I started with 3 people in my classes but managed to build it up to 40+, at least 3x 2h a week. It was pretty good back then, in fact, my classes got consistently ranked in the top 3.
And then there came Pilates. And the hype around it. The classes filled up quickly and I thought the whole industry is shifting.
So what did I do? I became certified Pilates Instructor, spending 210 hours practising and teaching...
Not going to lie ... this was by far the leeeast enjoyable class for me - attending and teaching. I started with full classes but the attendance dropped, whilst other pilates classes boomed.
My other - high intensity - classes continued to grow. I had to regularly turn people away. Yes - it was kind of a cool feeling as a late teen ... :)

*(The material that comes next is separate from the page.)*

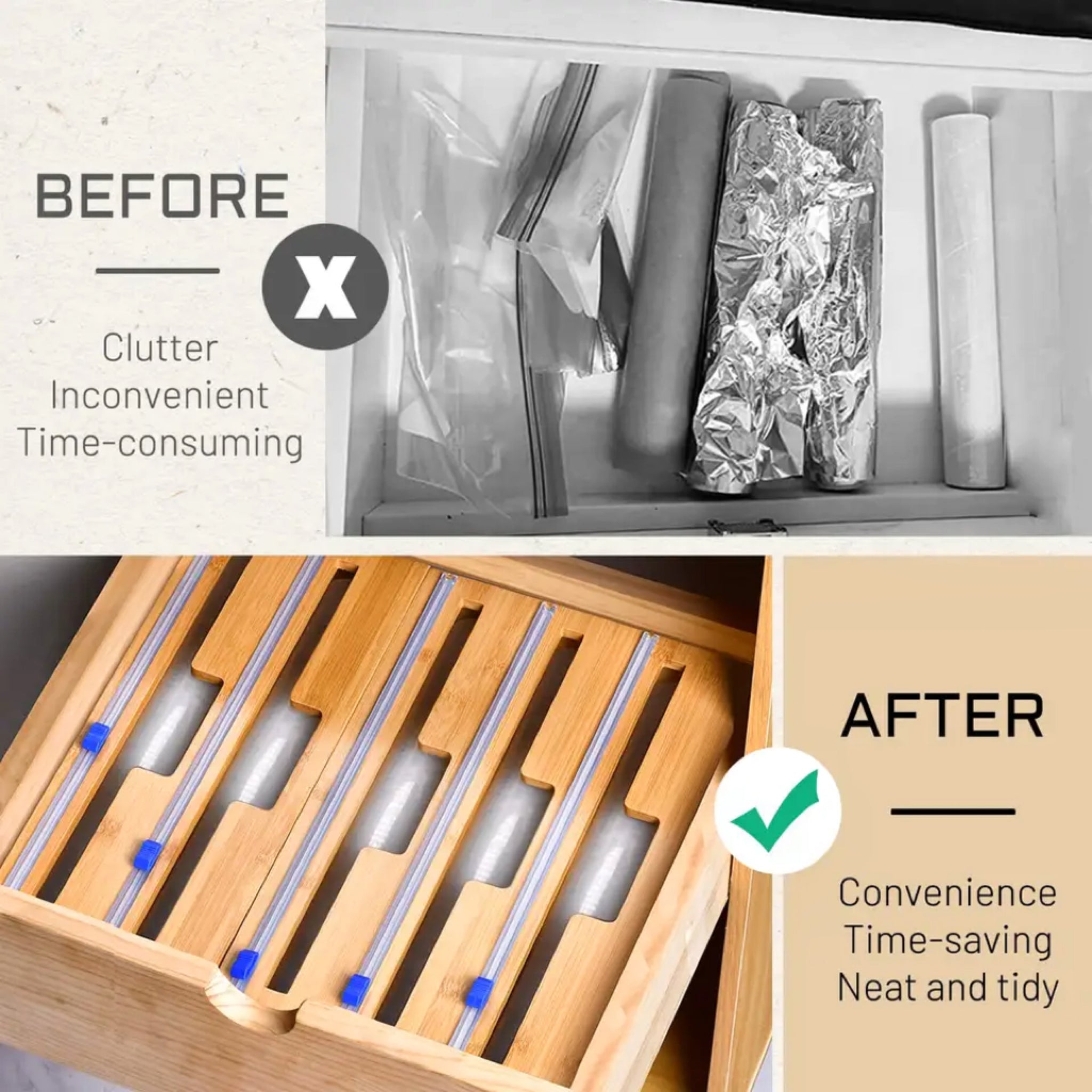 BOX IT UP, SORT IT OUT, HANG IT UP: Say goodbye to clutter and hello to organization with the GOMINIMO 3-in-1 Bamboo Wrap Dispenser. It has three slots for different types of wraps, so you can store and sort them easily and conveniently. You can also mount it on the wall to free up some space and grab your wraps in a snap.

It wasn't until I spoke to my hard core and die hard fans, who attended religiously all of my high intensity classes for years and also followed me into Pilates that a penny dropped.
'No offence, but your classes are kind of boring. Ok - they are really boring and an hour takes forever ...'
Boom. There it was. The brutal but very honest (and quite frankly spot on) wake up call for me to realise that I was trying too hard to fit in, chasing something that others were chasing and forcing myself to like it.
This was also my very last Pilates class that I held. Ever. I didn't even substitute any after that.
Instead, I asked the Head of Group Fitness to add another HIIT class, a new and freestyle format that I was thinking of for a while.
A mix that I often did when I was training by myself and wanted to test my limits.
It didn't even take 6 weeks for this class to get in the top 3 classes again, launched across the other 3 gyms that were part of the chain and attracted not only my die hard fans but also a lot of guys from the fitness floor who never attended a class because 'it was just for the girls'.
The moral of the story?
You don't need to do more of something that's shiny and seems to be the missing link to your success. You don't need to simply work harder to get better in something you don't really enjoy. You don't need to force yourself to fit in a mould, just because it seems like a trend that everyone else is following.
What is it that you are great in, that you - when doing over time - can become the best in and attracts others to follow you?
This is where the magic happens and where you will stand out without even trying hard.